A useful report distinguishes low-risk productivity use from material AI operations. It should identify high-impact agent workflows, unresolved control gaps, vendor-hosted AI dependencies, missing evidence, unusual exception trends, and areas where human review is weak. This helps leaders understand where trust is being assumed and where it is being governed.

The reporting should also connect to decisions. If boundary health is weak in a workflow, someone should own remediation. If evidence is missing, controls should be improved. If a vendor feature moves the boundary, procurement and risk owners should review it. Reporting without ownership does not strengthen trust.

The fifth handoff is human review

Human review is often presented as the safety valve for AI systems. It can be, but only when designed well. A human reviewer may over-trust an AI output, lack time to inspect sources, miss a subtle data issue, or assume another control already checked the action. Human involvement is not automatically meaningful oversight.

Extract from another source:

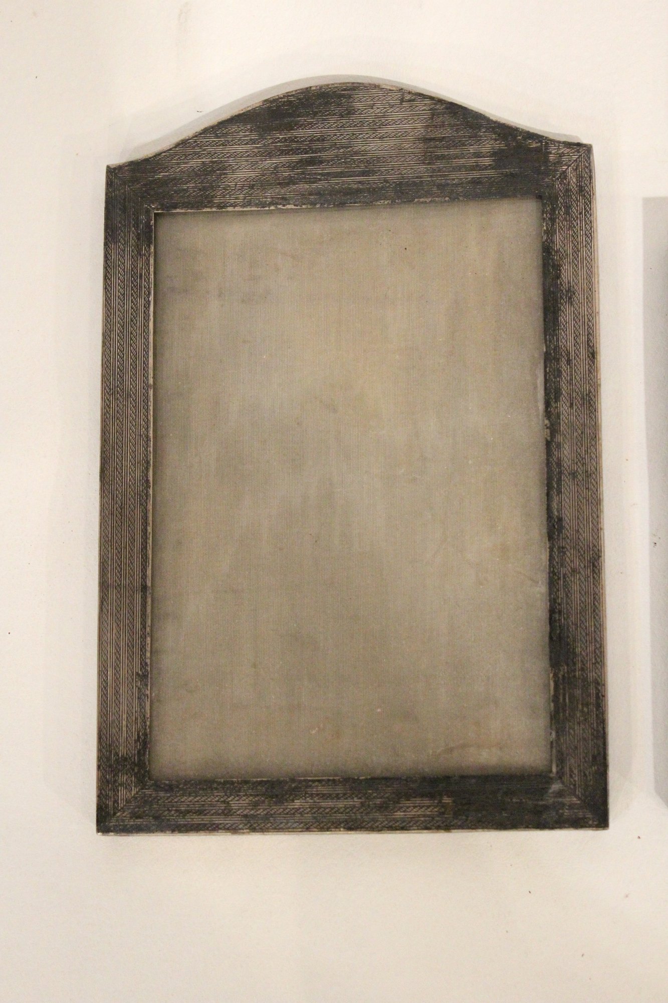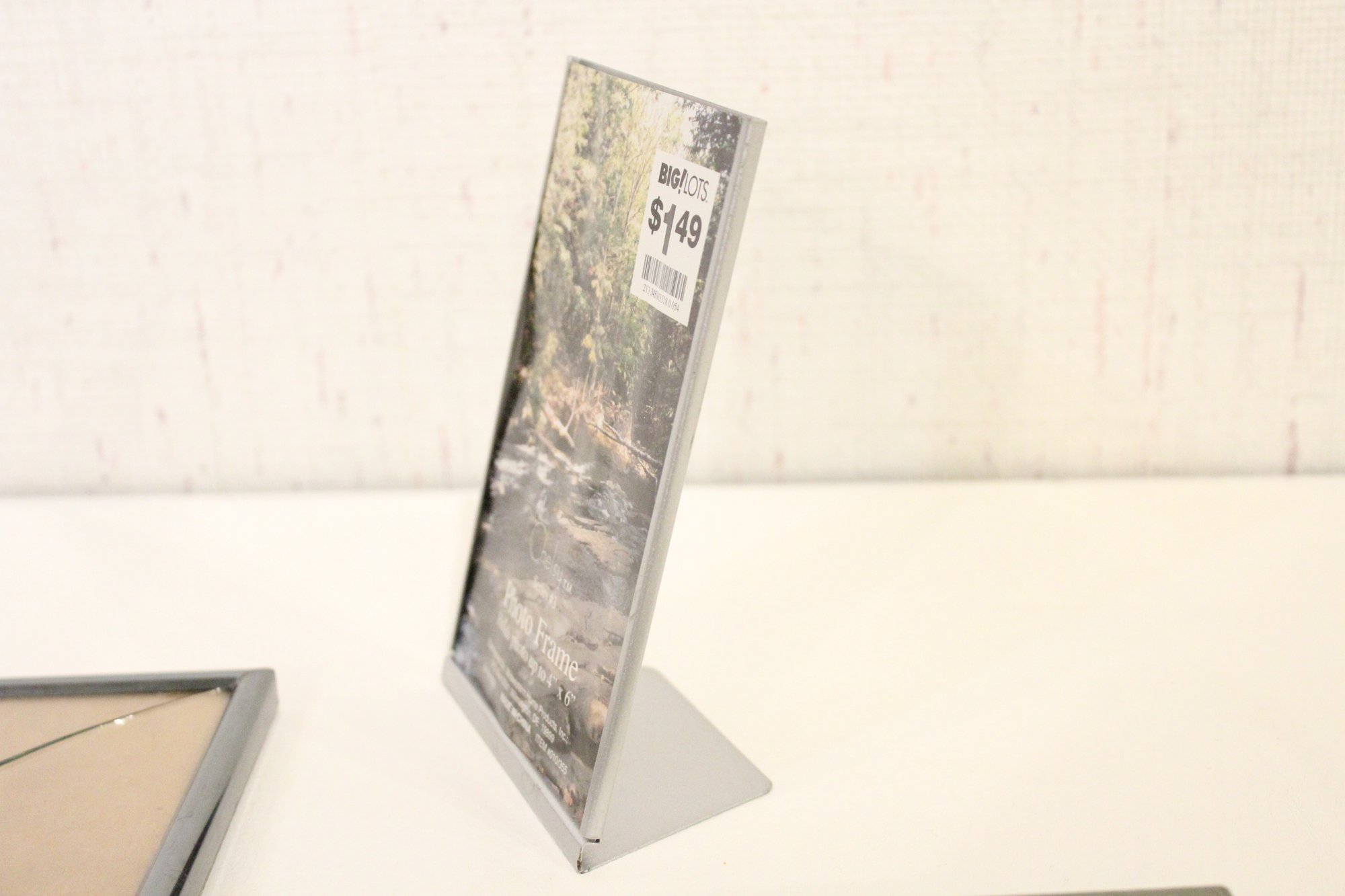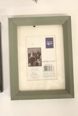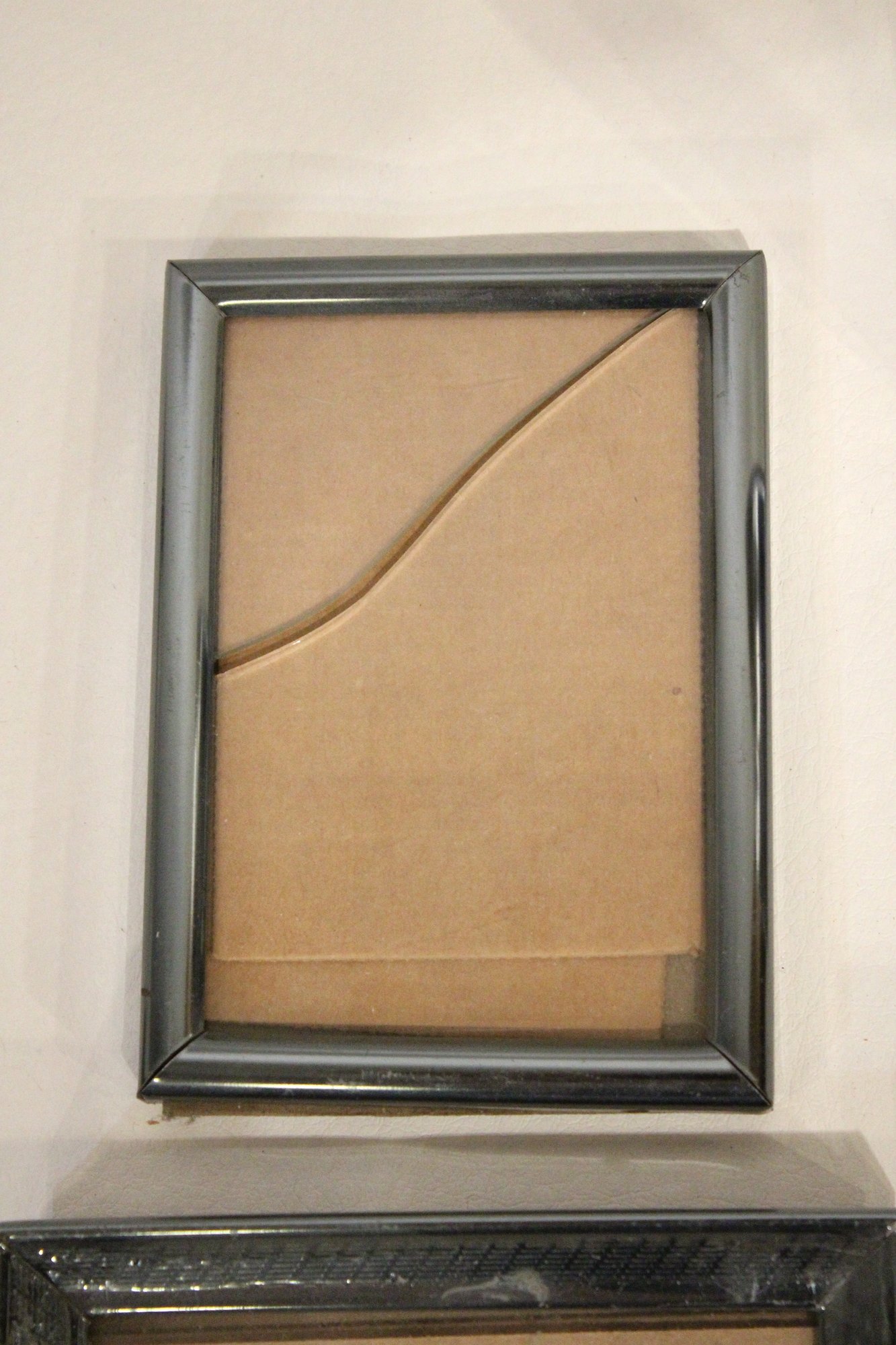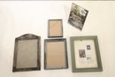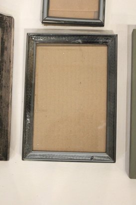 A distressed wood picture frame 9.5" x 6", a decorative black metal frame 7.5" x 5.5", a small smooth black metal frame with cracked glass 5.5" x 3.5", a green painted frame at 8.5" x 7", and lastly a standing metal minimal frame at 4" x 6". These items can be shipped.

A useful review interface should show the objective, agent action, source context, data warnings, policy status, uncertainty, alternatives, and consequence of approval. The reviewer should be able to edit, reject, escalate, or request more information. The record should show what the reviewer saw and what they decided.

This is a trust boundary because the enterprise is shifting from AI recommendation to human-backed action. If the human cannot understand the decision, cannot change the outcome, or is pressured to approve quickly, the boundary is weak. Governance should design review around actual decision quality, not merely the presence of a person.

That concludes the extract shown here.